Mr. Abel González (left) addressing the meeting of the Chernobyl Forum in March 2004. (Credit: D. Calma/IAEA)

Eighteen years after the Chernobyl nuclear power plant accident, people in the region still live with wildly varying reports about what impact the accident will have on their families’ future health and the environment. The IAEA initiated 'Chernobyl Forum' is working to give people in the affected villages greater certainty, by issuing factual, authoritative statements on the health effects caused by radiation exposure from the reactor explosion and its environmental consequences.

The Forum - comprising eight United Nations organisations, and Belarus, Russia and the Ukraine - met in Vienna 10-11 March 2004 at IAEA headquarters. IAEA Director of Radiation and Waste Safety, Mr. Abel González, said conflicting information had caused tremendous confusion and suffering.

"People living in the affected villages are very distressed because the information they receive - from one expert after another turning up there - is inconsistent. People living there are afraid for their children. The aim of the Forum is not to repeat the thousands of studies already done, but to give them authorative, transparent statements that show the factual situation in the aftermath of Chernobyl," Mr. González said.

The Forum was set up in 2003 following discussions between IAEA Director General Mohamed ElBaradei and the Prime Minister of Belarus. It is part of broader efforts to help implement the UN strategy on the Human Consequences of the Chernobyl Nuclear Accident - A Strategy for Recovery.

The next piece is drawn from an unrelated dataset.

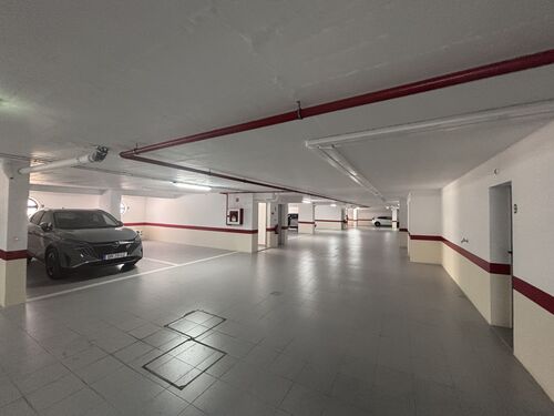 Outside, residents can enjoy the beautifully maintained communal swimming pool surrounded by mature landscaped gardens with palm trees and manicured greenery - an ideal oasis for relaxation. The property also includes two secure underground parking spaces and a private, lockable storage room in the basement.

At its meeting in Vienna in March 2004, initial reports were presented by the Forum’s expert groups for 'health' (led by the World Health Organization) and the 'environment' (led by the IAEA). It is expected the Forum will issue it findings at an international conference to be held in 2005 or 2006.

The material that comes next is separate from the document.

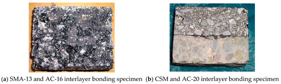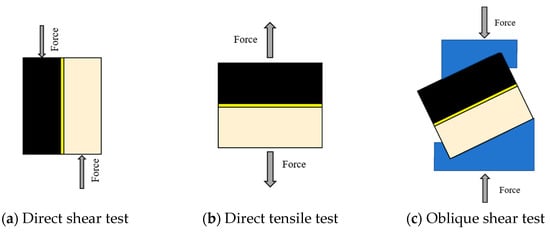 Extensive studies [6,7,8] have investigated interlayer bonding in asphalt pavements, focusing on two primary aspects: evaluation methodologies and influencing factors. Standard test methods include direct shear, tensile, and oblique shear tests (as shown in Figure 2), with direct and oblique shear being most widely adopted. Raab [9] employed model materials (steel balls simulating ideal aggregates in 10/20 permeable asphalt) to demonstrate gradation’s impact on interlayer shear strength via direct shear testing. Raposeiras [10,11] analyzed effects of mixture surface macrotexture, tack coat application rate, and loading rate using similar methods. Isailovic [12] revealed through monotonic and cyclic shear tests that monotonic results provide limited long-term performance insight, whereas cyclic testing accurately characterizes interface fatigue failure. The testing methods for interlayer bonding strength are relatively complete, and there are also many related studies. Due to the fact that interlayer bonding materials are generally asphalt-based materials, their performance is affected by factors such as temperature, loading speed, and material types. Liu [13] identified the temperature and humidity sensitivity of water-based epoxy resin adhesives (recommended for use in rigid bridge decks and high-temperature environments). Ai [14,15,16] analyzed the interlayer roughness performance using 3D laser scanning and quantified its correlation with interlayer bonding strength. Wang [5,17] developed a shear fatigue model and life prediction equation for the bonding layer. Overall, these studies indicate that the bond strength is influenced by aggregate properties, surface texture, characteristics of the bonding layer (material type, application rate), and service conditions (loading rate, temperature, humidity, confining pressure). While this research provides fundamental insights into evaluation protocols and material behavior, the investigations are primarily directed toward the interlayer bonding strength of pavement layers or studies of bonding materials. It remains unclear how the application of tack coat materials affects pavement structures, nor is it established what magnitude of interlayer bonding strength ensures complete interfacial bonding.

Another key aspect of the Forum’s work is to advise on, and help to implement, programmes that mitigate the accident's impact. For example, this could include:

  • Remediation of contaminated land;
  • Special health care of the affected population;
  • Monitoring long-term human exposure to radiation;
  • Environmental aspects of decommissioning the Chernobyl nuclear reactor and the Shelter and;
  • Addressing environmental issues related to radioactive waste from the accident.

For the Forum's Terms of Reference see related links. The UN organizations involved in the Forum include the IAEA, Food and Agriculture Organization, UN Office for the Coordination of Humanitarian Affairs, UN Development Programme, UN Environment Programme, UN Scientific Committee on the Effects of Atomic Radiation, the World Health Organization and the World Bank.

The Forum is part of ongoing IAEA efforts to mitigate the effects of Chernobyl. Since the 1986 accident it has assisted with technical activities, environmental and agricultural monitoring and rehabilitation.